Я уже несколько раз ночевал у Кямильки на квартире. Приняв ванну, подкреплялись, чем могли, пили наш любимый кофе и, до одури наговорившись об искусстве и жизни, засыпали счастливые, не выпуская рук из ласкового рукопожатия. А потом, когда мы оставались наедине, я стал замечать тревогу в ее глазах, такую мимолетную, еле уловимую. Что творилось тогда у нее в душе, и какую нужно было иметь волю, чтобы не высказать свою горечь? Это потом мне поведала ее двоюродная сестренка, что в Энгельсе с родителями и родней у нее вышел великий скандал, и она ушла от них. Ты представляешь, Галка, она не мне – им первым призналась в любви ко мне, к русскому, а за такую любовь уже старшая ее сестренка была проклята их кругом навечно (я тебе об этом говорил). Никогда никому я не дарил столько нежностей, сколько ей, никогда еще я не подымался в своих чувствах так высоко. Моя возвышенная романтичность таяла. Она хотела, чтобы я полюбил ее такую, какая есть, и постепенно я открывал ее такую земную, с бесконечной сложностью ее душевного мира и от этого она становилась мне только прекрасней и родней. Я вживался в нее. Она много рассказывала о своем детстве. Я очень глубоко почувствовал ее детство, полюбил ее детство, и от этого она мне стала родней. Она поведала мне о своем тяжком отрочестве (об этом говорит и слишком ранняя седина в волосах), когда в знак солидарности со своей старшей сестрой покинула отчий дом, впервые выйдя в этот сложный мир. Жила одна, без посторонней помощи, работала: «Человек, помоги себе сам!» До этого она дошла очень рано. И от этого мне стала еще родней. Мы уже были неразлучны, но ее происхождение породило во мне душевное смятение и страх потерять ее.

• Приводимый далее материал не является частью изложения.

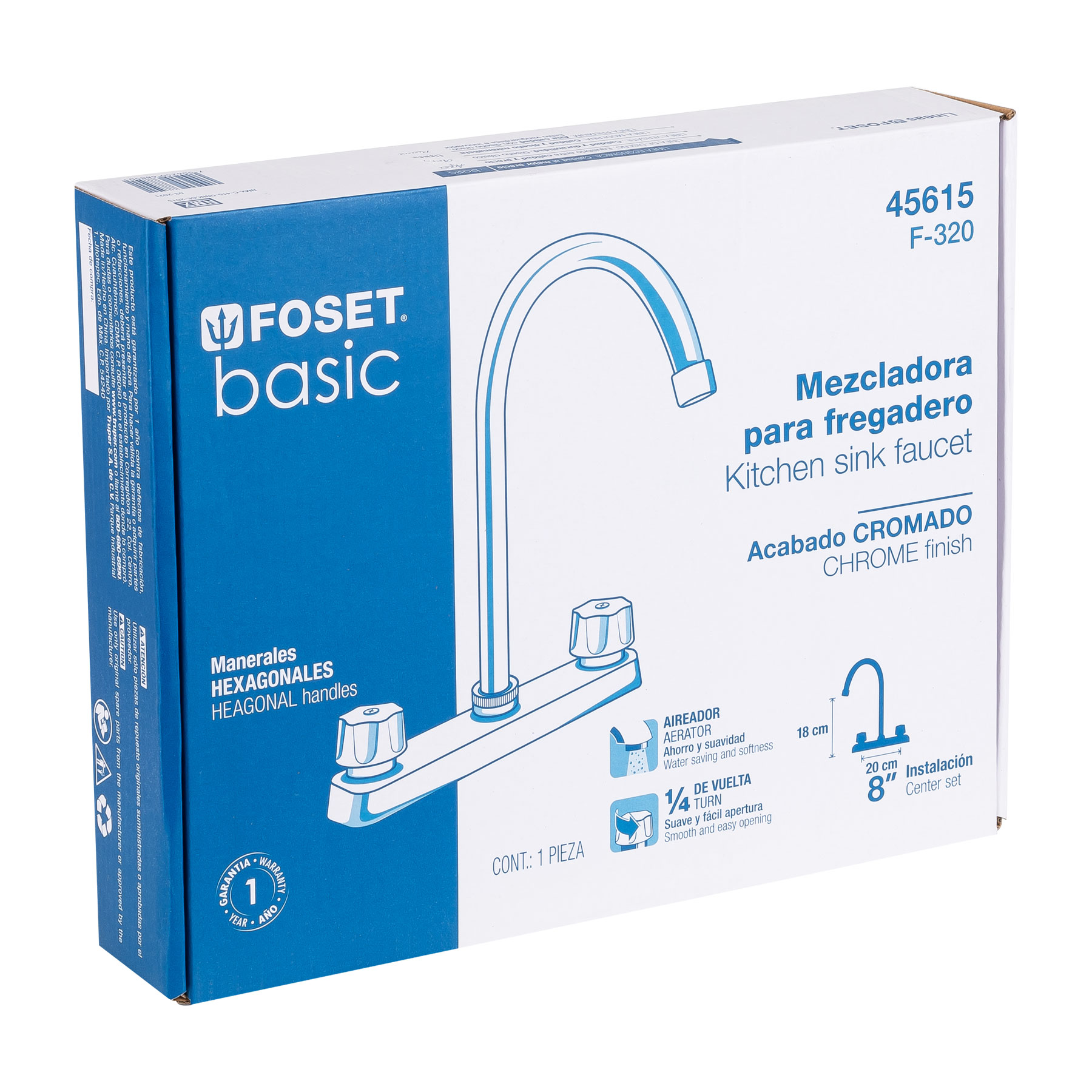 Mezcladora 8′ fregadero cromo, cuello curvo,hexagonal, BASIC

В летние каникулы вместе работали и отдыхали в Ульяновской области. Там однажды, лаская ее лицо поцелуями, впервые обнаружил ее слезы. Только теперь она сдалась перед всегда ее мучившим. Крепко прижавшись щекой к моей щеке, тихо простонала: «Толька, мне страшно». И она, не подозревая, что я все уже знаю, поведала о своем несчастье с родней…
Теперь, когда мы уже не вместе, я с нежностью часто вспоминаю о ней и желаю всеми силами своей жалкой душонки много-много ей счастья. Мы не давали друг другу никаких обетов. Просто жили, любили, ссорились, страдали, радовались. А перед стоящей между нами преградой первым не выдержал я.

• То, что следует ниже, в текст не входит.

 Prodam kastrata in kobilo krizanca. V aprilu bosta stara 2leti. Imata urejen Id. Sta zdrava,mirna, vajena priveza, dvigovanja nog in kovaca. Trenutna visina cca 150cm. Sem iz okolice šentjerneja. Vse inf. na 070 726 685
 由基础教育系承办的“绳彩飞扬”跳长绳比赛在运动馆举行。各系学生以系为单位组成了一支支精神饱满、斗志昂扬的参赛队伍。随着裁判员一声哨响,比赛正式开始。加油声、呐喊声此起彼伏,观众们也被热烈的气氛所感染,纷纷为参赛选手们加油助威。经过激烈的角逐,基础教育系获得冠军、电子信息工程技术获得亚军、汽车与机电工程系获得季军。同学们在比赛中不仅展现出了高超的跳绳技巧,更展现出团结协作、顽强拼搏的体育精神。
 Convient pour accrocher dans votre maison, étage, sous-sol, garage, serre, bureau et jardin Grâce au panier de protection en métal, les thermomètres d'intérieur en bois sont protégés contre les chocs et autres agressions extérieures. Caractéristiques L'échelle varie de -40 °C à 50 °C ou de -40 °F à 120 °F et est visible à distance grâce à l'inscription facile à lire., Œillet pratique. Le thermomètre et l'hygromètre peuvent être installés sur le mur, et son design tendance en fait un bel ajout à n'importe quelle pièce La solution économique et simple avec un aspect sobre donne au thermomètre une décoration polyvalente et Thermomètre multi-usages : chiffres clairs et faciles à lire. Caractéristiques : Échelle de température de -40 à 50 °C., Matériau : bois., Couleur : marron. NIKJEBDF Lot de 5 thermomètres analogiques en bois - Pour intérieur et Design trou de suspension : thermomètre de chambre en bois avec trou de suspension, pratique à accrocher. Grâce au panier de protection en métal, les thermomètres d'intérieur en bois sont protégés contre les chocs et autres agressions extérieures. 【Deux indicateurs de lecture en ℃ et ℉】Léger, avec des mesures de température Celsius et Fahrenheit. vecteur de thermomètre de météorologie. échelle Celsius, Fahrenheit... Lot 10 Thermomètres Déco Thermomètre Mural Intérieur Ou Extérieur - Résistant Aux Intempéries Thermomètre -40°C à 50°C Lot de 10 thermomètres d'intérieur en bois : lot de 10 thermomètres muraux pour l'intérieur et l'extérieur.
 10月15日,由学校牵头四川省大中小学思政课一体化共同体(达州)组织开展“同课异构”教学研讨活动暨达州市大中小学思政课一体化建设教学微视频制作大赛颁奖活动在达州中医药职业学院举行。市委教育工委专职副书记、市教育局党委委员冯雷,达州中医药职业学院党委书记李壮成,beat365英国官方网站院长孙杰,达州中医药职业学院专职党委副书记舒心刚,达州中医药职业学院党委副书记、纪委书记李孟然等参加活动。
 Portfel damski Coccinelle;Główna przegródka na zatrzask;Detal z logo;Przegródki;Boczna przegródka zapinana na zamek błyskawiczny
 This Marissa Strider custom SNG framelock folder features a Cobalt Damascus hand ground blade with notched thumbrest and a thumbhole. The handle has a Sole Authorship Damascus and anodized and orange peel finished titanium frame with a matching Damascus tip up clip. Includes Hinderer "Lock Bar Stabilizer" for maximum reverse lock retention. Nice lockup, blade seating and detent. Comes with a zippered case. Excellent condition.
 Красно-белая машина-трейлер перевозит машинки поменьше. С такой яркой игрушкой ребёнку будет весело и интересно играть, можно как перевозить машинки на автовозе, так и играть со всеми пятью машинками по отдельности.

Время меняет все и всех, но в памяти моей она навсегда сохранится такой, какой я ее знал: очень живой, гибкой, гордой, нежной, застенчивой, презирающей нечистоплотность и всякие проявления пошлости и лжи.
Ее лицо – мой любимый образ, и я еще поработаю над ним.
Каждый год 3-го марта, а в 7 часов вечера я буду подымать бокал в честь ее рождения с неизменным чувством: хорошо, что на свете живет где-то дорогой мой человек. Она знает об этом, и в 7 часов вечера наши мысли будут вместе.
Вот и все. Хотел написать в нескольких словах, а развел тебе на нескольких листах.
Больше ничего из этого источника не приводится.